VOD film review: Moonage Daydream
Review Overview
Archive material
10Presentation
10Star power
10Ivan Radford | On 19, Feb 2023
Director: Brett Morgen
Cast: David Bowie
Certificate 15
Between the misjudged unofficial biopic and Francis Whately’s trio of superb documentaries, cinema isn’t exactly short of studies of David Bowie, each one giving us a glimpse of the man behind the cultural icon – while also reinforcing the fact that, to some degree, he was intentionally unknowable. While Brett Morgen’s documentary might therefore seem unnecessary, it takes a different route, bursting onto the screen as not just a film about Bowie but a celebration and embodiment of his starman charisma.
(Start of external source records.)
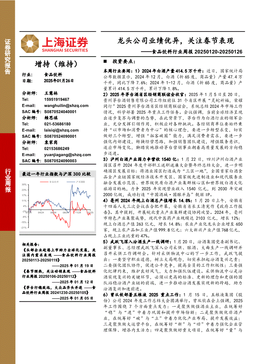 食品饮料行业:上海证券-食品饮料行业周报:龙头公司业绩优异,关注春节表现-250126
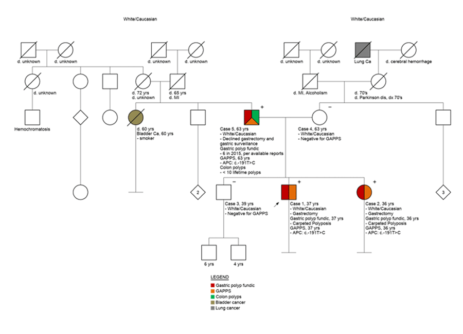 We have summarized two patients with GAPPS with pathognomonic features of the syndrome on endoscopic, histopathologic, and genetic evaluation. The patients were young, relatively healthy and despite having benign polyps on histology, were anxious about the risk of malignant transformation. They underwent prophylactic total gastrectomies with good postoperative outcomes. Genetic testing was offered to all their first-degree relatives (family of five): the father tested positive, the mother tested negative, and a brother was negative (Figure 5). The father described a remote history of gastric polyposis seen on a prior upper endoscopy but declined further workup or prophylactic surgery. While no guidelines for surveillance exist, following a multidisciplinary discussion, we opted for a six-month follow-up EGD and a one-year abdominopelvic CT scan for our patients.
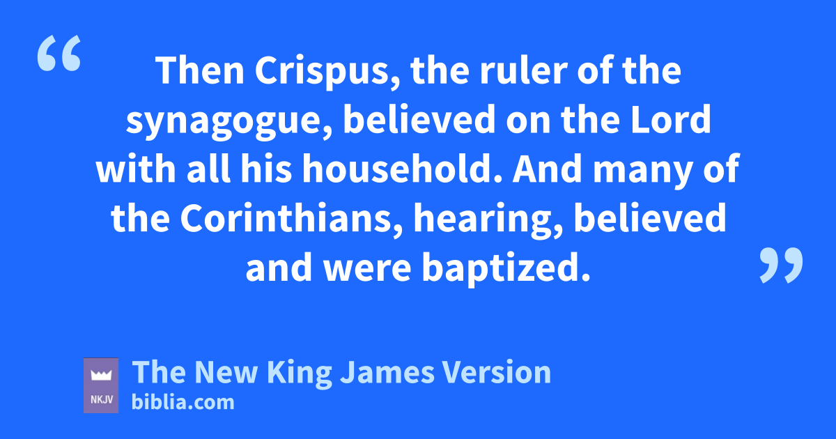 5 dWhen Silas and Timothy had come from Macedonia, Paul was ecompelled 1by the Spirit, and testified to the Jews that Jesus is the Christ. 6 But fwhen they opposed him and blasphemed, ghe shook his garments and said to them, h“Your blood be upon your own heads; iI am clean. jFrom now on I will go to the Gentiles.” 7 And he departed from there and entered the house of a certain man named 2Justus, one who worshiped God, whose house was next door to the synagogue. 8 kThen Crispus, the ruler of the synagogue, believed on the Lord with all his household. And many of the Corinthians, hearing, believed and were baptized.

Morgen gets a rare – in fact, the first – seal of approval from Davie Bowie’s family, and that pays off richly, with the director given access to 5 million items, from paintings to recordings and journals. You suspect he used all of them. Over Moonage Daydream’s 140 jaw-dropping minutes, what ensues isn’t just a chronicle of the rock star, artist and actor’s career, but a kaleidoscopic collage of Bowie’s impact, influences and introspection. You’ll see flashes of Oscar Wilde and Buster Keaton among the cutout smorgasbord of inspirations, but you’ll also get dizzying doodles and drifting video experiments, all gorgeously intercut with snippets of TV interviews given over the years.
It’s a heady mix, and one that consciously plays with the surface-level imagery with which Bowie was known. There’s a brief dive into the tragedy of his half-brother, Terry, and his relationship with his mum, and a swooning tribute to arrival of Iman in Bowie’s life in later years. But there’s more time spent simply watching him riding round in taxis, gliding up and down neon escalators and more often than not staring directly down a lens.
The editing is flawless, the selection of archive materials impeccable – the documentary’s strength is how it puts Bowie into crystal-clear context, demonstrating just how astonishing a figure he was when Ziggy stepped onto the stage. By the time it boldly delves into synaesthesia to illustrate how Bowie and Brian Eno were trying to find a new language of music, you also understand afresh the gulf left behind after Bowie’s departure – there is an overwhelming sense of the man, the celebrity and the artist being condensed into something timeless but also transient.